Set up logging to track progress and capture any errors during execution.

In [3]:
logging.basicConfig(level=logging.INFO, format='%(asctime)s - %(levelname)s - %(message)s',force=True)

# Suppress all logs from specific loggers
logging.getLogger('openai').setLevel(logging.WARNING)
logging.getLogger('httpx').setLevel(logging.WARNING)

### Environment Configuration

Load environment variables for secure access to Jina AI and Couchbase services. Create a `.env` file with your credentials.

In [4]:
load_dotenv("./.env") 

JINA_API_KEY = os.getenv("JINA_API_KEY")
JINACHAT_API_KEY = os.getenv("JINACHAT_API_KEY")

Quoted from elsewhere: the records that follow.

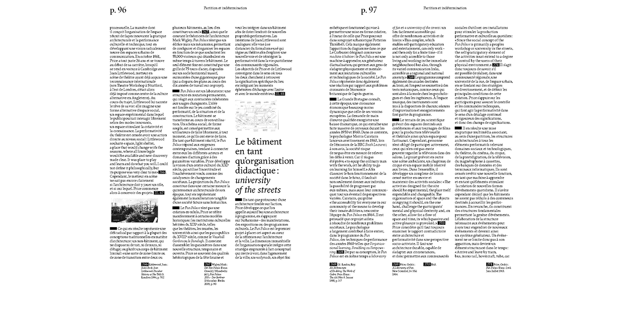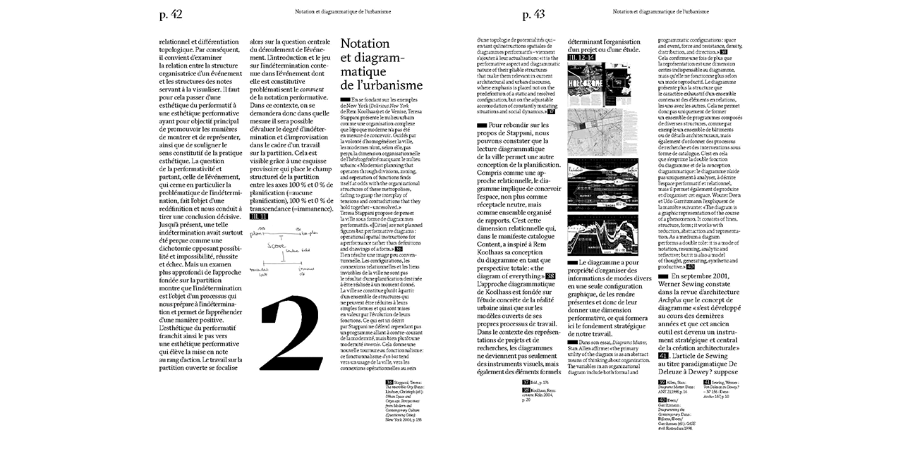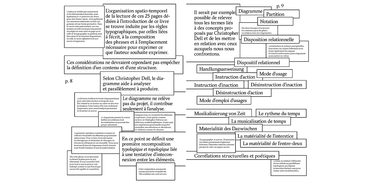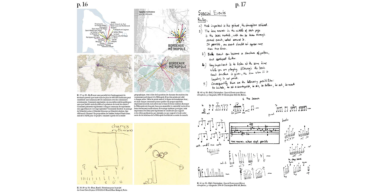 A “partition” (score) is a special representational form. It is linked to instructions for action and looks forward rather than backward: to the planning of a forthcoming event. The “open score” goes one step further: it articulates the process of producing new realities and their indeterminacy. In his latest publication, Christopher Dell sketches an “open-ended city score.” The term does not refer to a representation of urban sound texture, nor is the city interpreted in an aestheticizing or musicprogramming sense. Instead, urban processes are rendered visible in a new form, by deploying a musical mode of spatial conception as a filter and perspective. For temporality and the dimension of action are vital components in unveiling the visual structures of phenomena in urban practice.
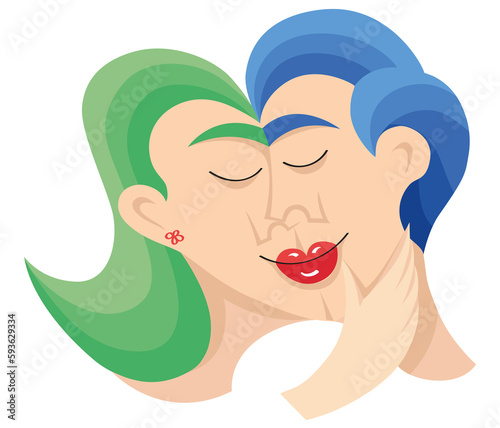 face, couple, love, kiss, draw, colourful, colours, man, woman, person, beauty
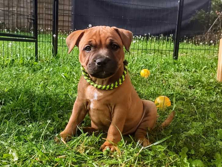 Nous attendons donc des chiots sportifs, mais aussi de bons chiens de familles. Les parents sont vraiment adorables au quotidien, sans oublier qu'ils restent des Staffies ! Déjà bien dans leurs pattes, ils découvrent chaque jour de nouvelles choses et partagent notre quotidien, ainsi que celui de nos autres loulous à 4 pattes (chat et chiens).
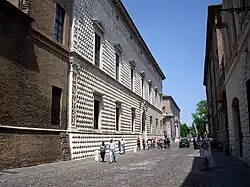 The walled medieval city of Ferrara was geographically limited from southward expansion by a branch of the delta of the Po river. In 1450, the prior Duke, Borso d'Este (1450) had enlarged slightly the city southward with reclaimed land from the river banks.[1]
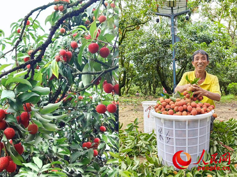 2025年5月,在广东茂名高州市根子镇贡园,荔枝丰收,农户喜笑颜开。人民网 涂胜摄
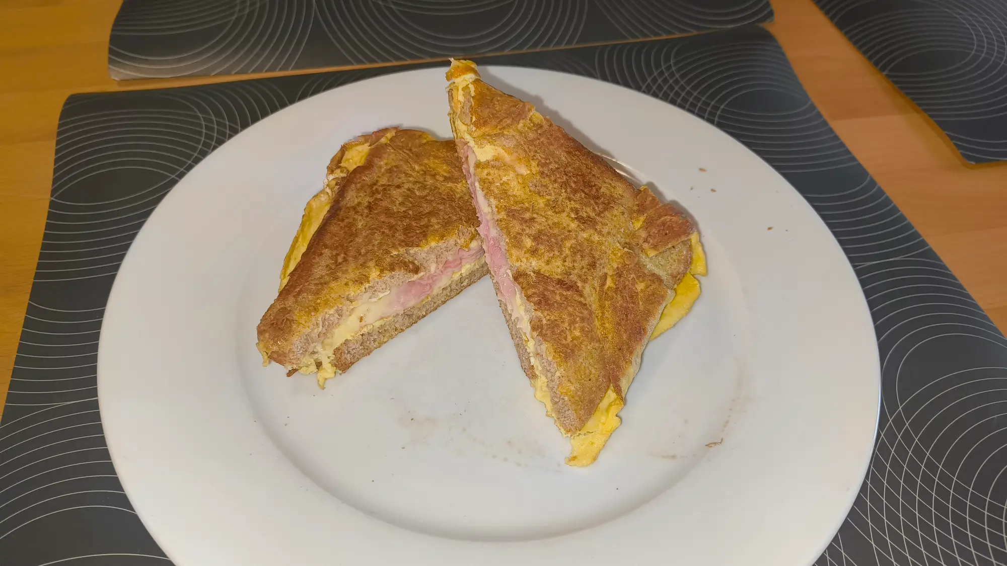 Beide Toastscheiben kurz auf leicht stockendes Ei geben, danach umdrehen (es soll bisschen Ei auf beiden Seiten sein - evtl ist das auch unnötig?)
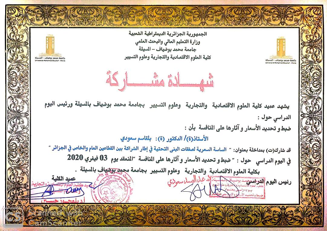 M. SAOUDI Belkacem, (2020), "السياسة السعرية لصفقات البنى التحتية في إطار الشراكة بين القطاعين العام والخاص في الجزائر", [national] ضبط وتحديد الأسعار وأثارها على المنافسة , جامعة المسيلة
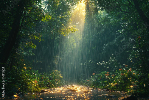 © Myartsam Design, Fototapeta premium Sunlit Rainforest Stream During A Gentle Rainfall
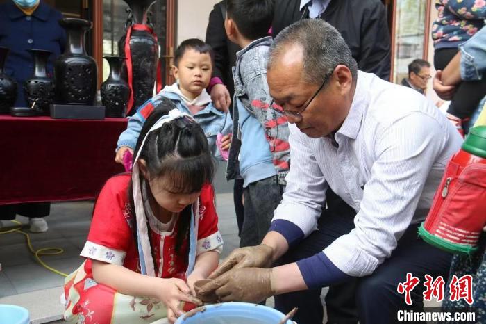 Wang Baoxiang, a craftsman in Chengwu county, Heze city, east China's Shandong Province, instructs a girl to make black pottery. (Photo courtesy of the culture and tourism bureau of Chengwu county)
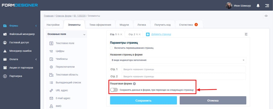 Здесь вам нужно в разделе “Пошаговая форма” активировать переключатель “Сохранять данные в форме, при переходе на следующую страницу”, после чего необходимо сохранить изменения в форме.
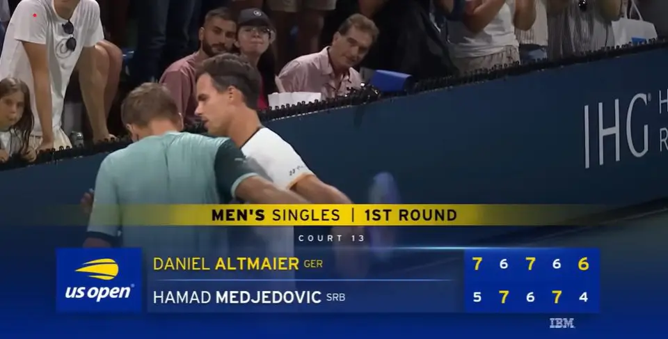 Treći set doneo je novu dramu – još jedan taj-brejk. Međedović je imao set loptu, ali je izgubio tri poena zaredom i u naletu besa polomio reket, dok je Altmajer ponovo poveo.
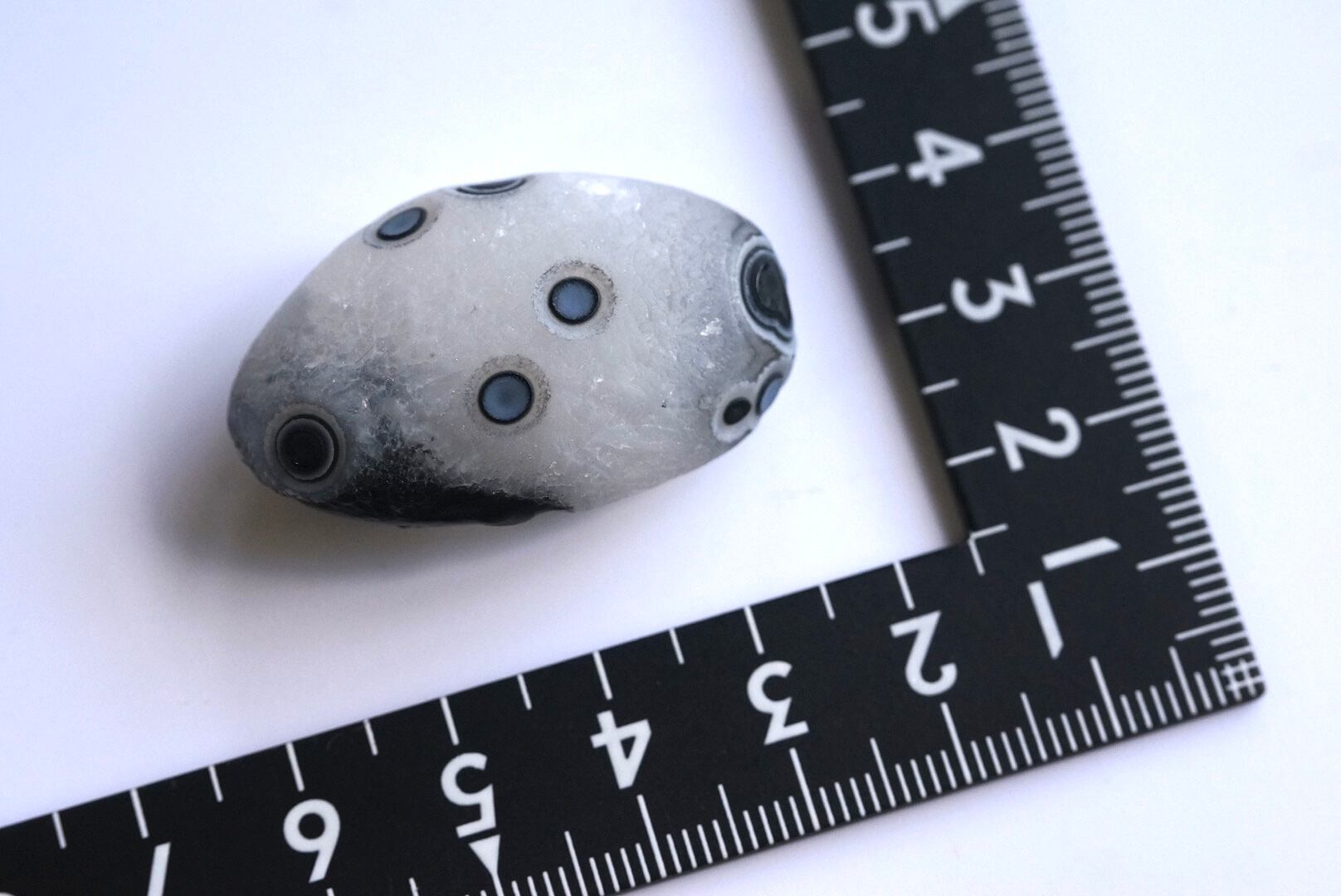 澄んだボディに鮮明な丸模様が美しく表れた白黒のゴビアゲートです。
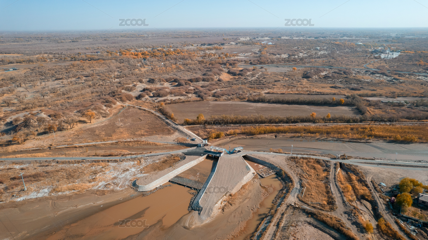 航拍内蒙古额济纳旗一道桥胡杨林风光
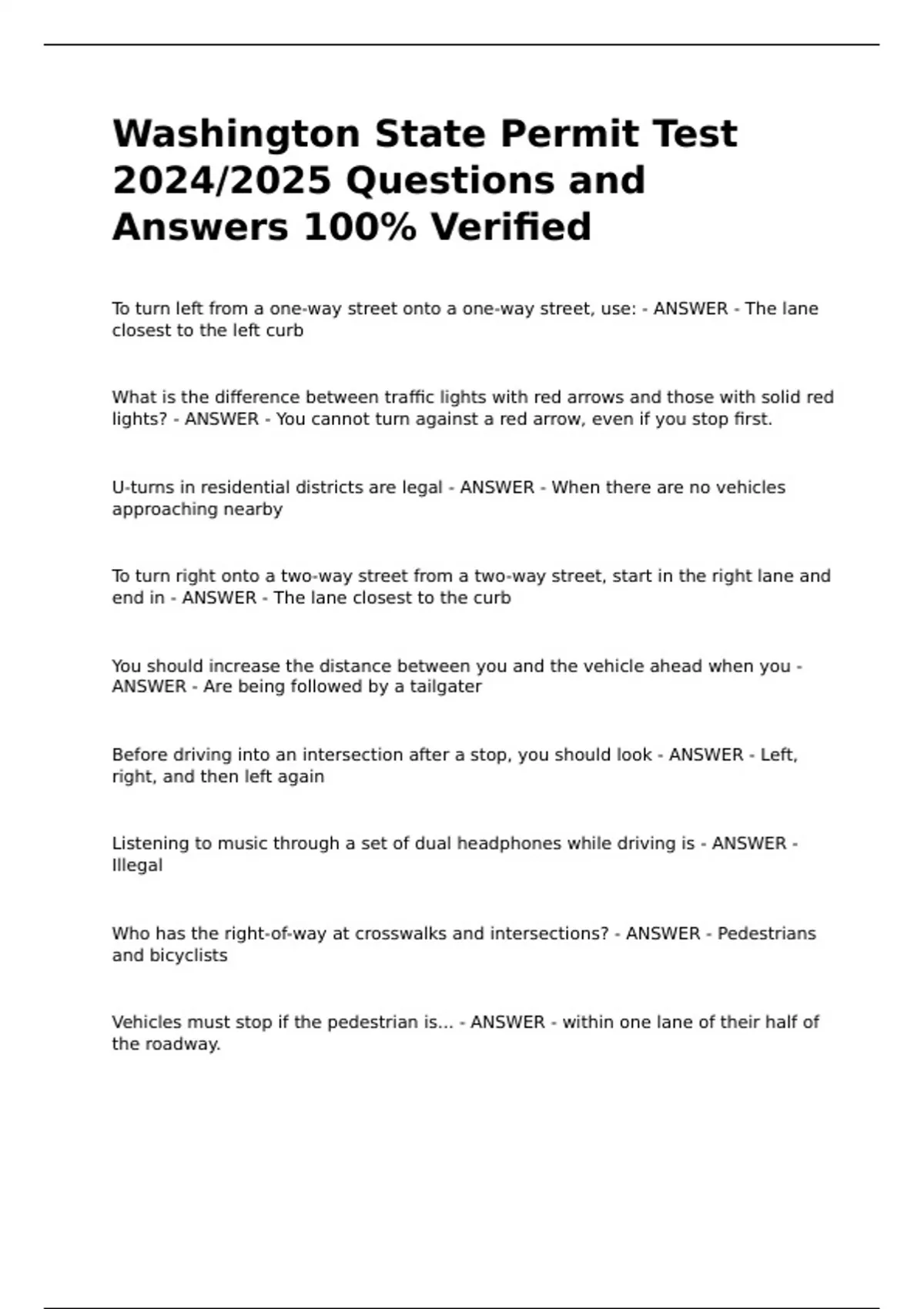 Washington State Permit Test 2024/2025 Questions and Answers 100% VerifiedWashington State Permit Test 2024/2025 Questions and Answers 100% VerifiedWashington State Permit Test 2024/2025 Questions and Answers 100% VerifiedWashington State Permit Test 2024/2025 Questions and Answers 100% VerifiedTo turn left from a one-way street onto a one-way street, use: - ANSWER - The lane closest to the left curb What is the difference between traffic lights with red arrows and those with solid red lights? - ANSWER - You cannot turn against a red arrow, even if you stop first. U-turns in residential districts are legal - ANSWER - When there are no vehicles approaching nearby
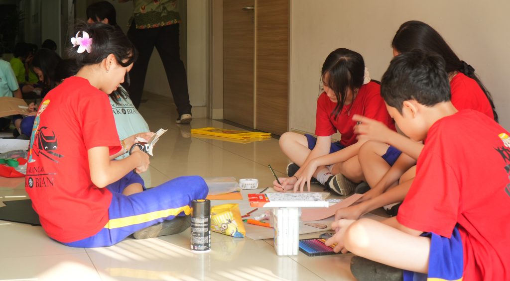 Foto : Antusiasme salah satu kelompok yang sedang mengikuti perlombaan majalah dinding.
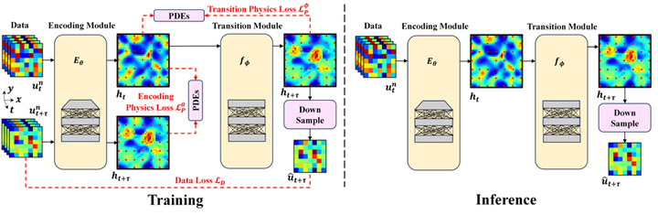 则分别用于约束编码器和预测器的物理一致性。具体来说,PDE loss可以表示为:
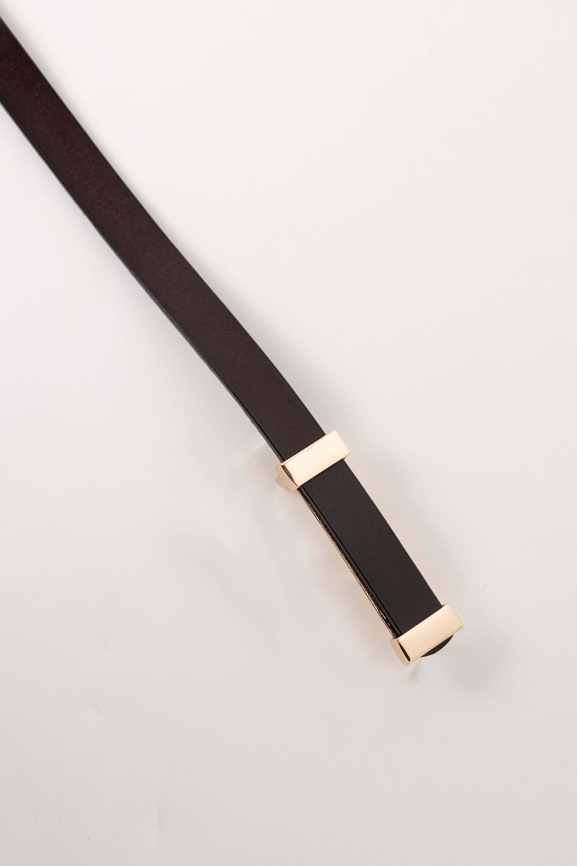 Deze smalle riem met goudkleurige gesp is een subtiele toevoeging aan je outfit. Afmeting: S: 95 cm, M: 105 cm, L: 115 cm, XL: 125 cm.

CB_HOST = os.getenv("CB_HOST") or 'couchbase://localhost'
CB_USERNAME = os.getenv("CB_USERNAME") or 'Administrator'
CB_PASSWORD = os.getenv("CB_PASSWORD") or 'password'
CB_BUCKET_NAME = os.getenv("CB_BUCKET_NAME") or 'vector-search-testing'
INDEX_NAME = os.getenv("INDEX_NAME") or 'vector_search_jina'

SCOPE_NAME = os.getenv("SCOPE_NAME") or 'shared'
COLLECTION_NAME = os.getenv("COLLECTION_NAME") or 'jina'
CACHE_COLLECTION = os.getenv("CACHE_COLLECTION") or 'cache'

# Check if the variables are correctly loaded
if not JINA_API_KEY:
    raise ValueError("JINA_API_KEY environment variable is not set")
if not JINACHAT_API_KEY:
    raise ValueError("JINACHAT_API_KEY environment variable is not set")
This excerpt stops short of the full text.